A Sequence alignment of DIV S6 showing identified residues (I1587 and L1591, highlighted in red) and their respective positions in the Nav1.7 structure. B Representative ionic traces for single (I1587A and L1591A) and double alanine (I1587A_L1591A—DIVAA) mutations. The ionic conditions used were 57.5 mM Na⁺ outside and 12 mM Na⁺ inside. C Ratio of steady state current (I_ss) at the end of depolarization over the peak current (I_peak) taken at +60 mV. WT, N = 4; I1587A, N = 5; L1591A, N = 6; DIVAA, N = 5. D Voltage-dependence of inactivation (h—infinity curve) for WT (black, N = 8), I1587A (green, N = 5), L1591A (blue, N = 5), and DIVAA (red, N = 8). E Representative gating current traces for charge immobilization measurements for DIVAA. F Fraction of immobilized charge vs. depolarization time for WT (black, N = 4) and DIVAA mutant (red, N = 7). G Representative ionic currents trace in bi-ionic environment. H I–V curves for the peak (red, N = 5) and steady state (blue, N = 5) current for DIVAA. The reversal potential for each component is denoted with the corresponding dashed line.
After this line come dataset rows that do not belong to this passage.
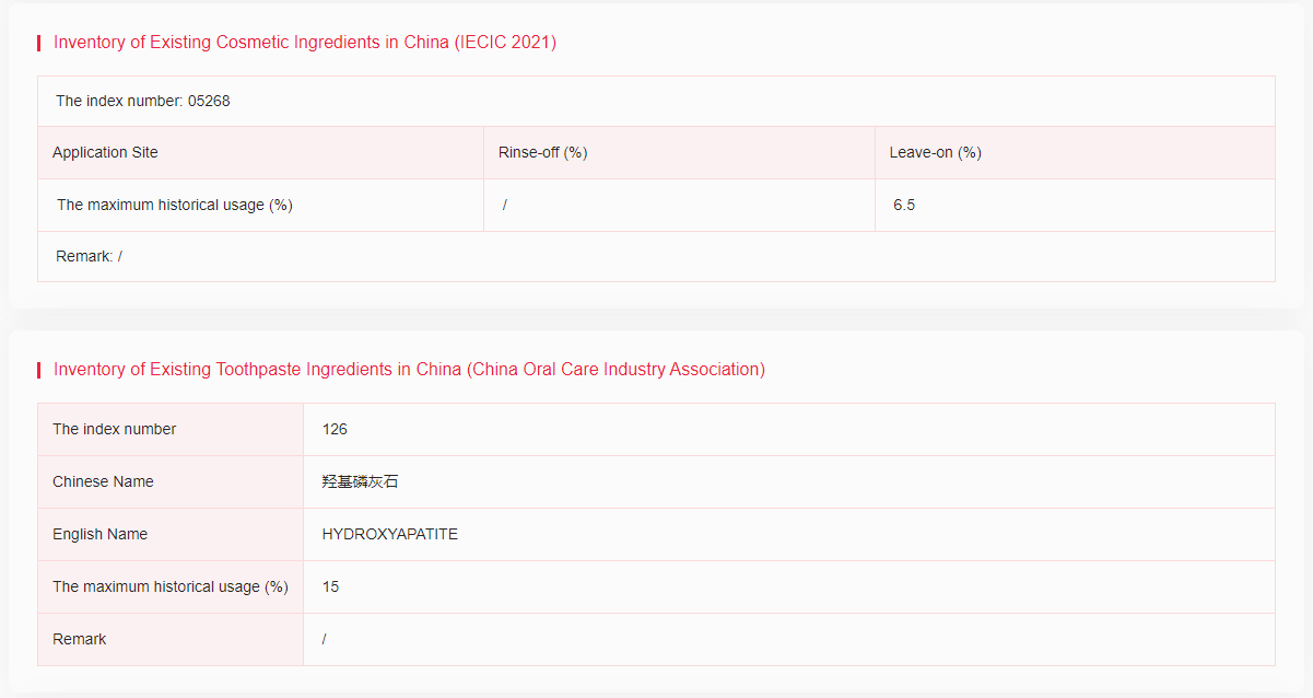 Hydroxyapatite (nano) has been included in the Inventory of Existing Cosmetic Ingredients in China (IECIC 2021), with the maximum historical usage in leave-on products of 6.5% and the Inventory of Existing Toothpaste Ingredients in China (China Oral Care Industry Association) with the maximum historical usage of 15%.
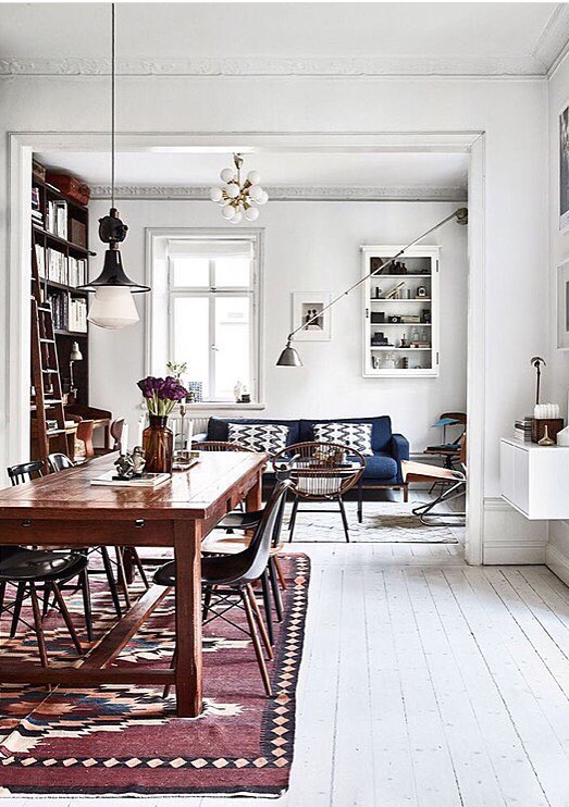 The dining area in focus here, with simple light furniture, rugs that both dampen sound & contribute to well-being. Damped color scale & many nice decor details.
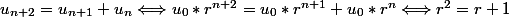 rudy196 a écrit:Ah oui je vois merci mais pourquoi on ne met pas tout d'un côté égal à 0 et avec ça on met uo×r^n en facteur ( -r^2 + r + 1 )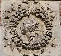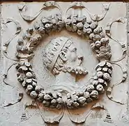 These Renaissance arcades featuring portrait medallions were commissioned by the merchant Jean de Nolet in 1542 and executed by the sculptor Nicolas Bachelier. Their framework, featuring a floral wreath (referred to as a 'triumphal garland' in the surviving documents), draws on Roman triumphs (laurel), as well as the arms of the sixteenth-century merchant: "On azure two palms or in saltire, surmounted by a wreath of roses proper on a fesse, ribboned argent and between three stars same, two borne in chief and one in point".[1]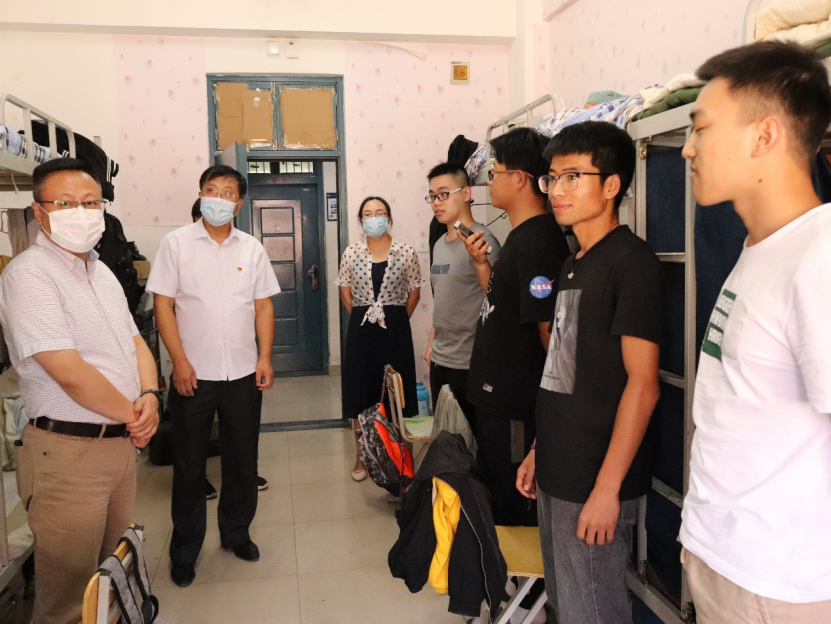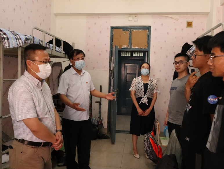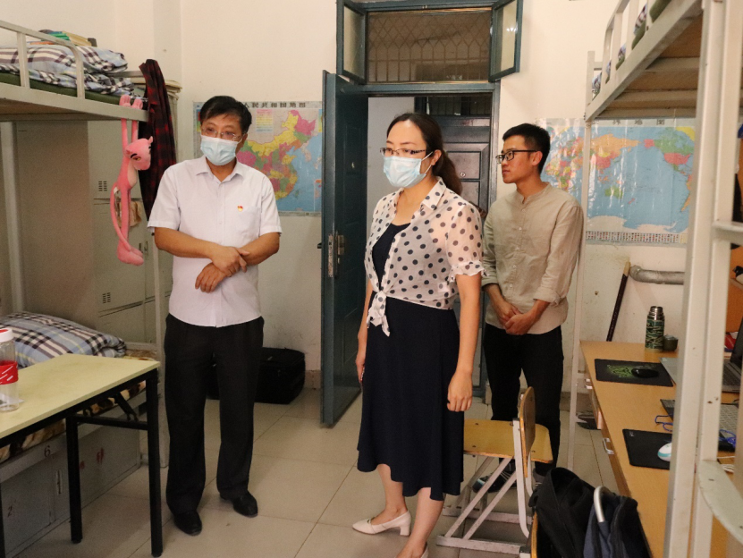 党委书记张晓天、院长毛明杰、学生工作办公室主任王娜于15号楼公寓看望返校学生。

I Relative Na⁺/K⁺ permeability vs. time for DIVAA (57.5 mM Na⁺ external and 120 mM K⁺ internal, N = 4). Dashed gray and blue lines show the WT and DIIIAA permeability, respectively. The solid red line represents an exponential fit to obtain the time constant. J Fast time constants for the change in selectivity (DIVAA Tau_perm, N = 4) and fast inactivation time constant obtained from the ionic current at +60 mV (DIVAA Tau_FI, N = 5) show no significant difference (unpaired t-test with two-sided Welch’s correction, p > 0.5). The whisk shows the maxima and minima, the center shows the mean, and the box shows the 25th to 75th percentiles. Data are shown as mean ± SEM.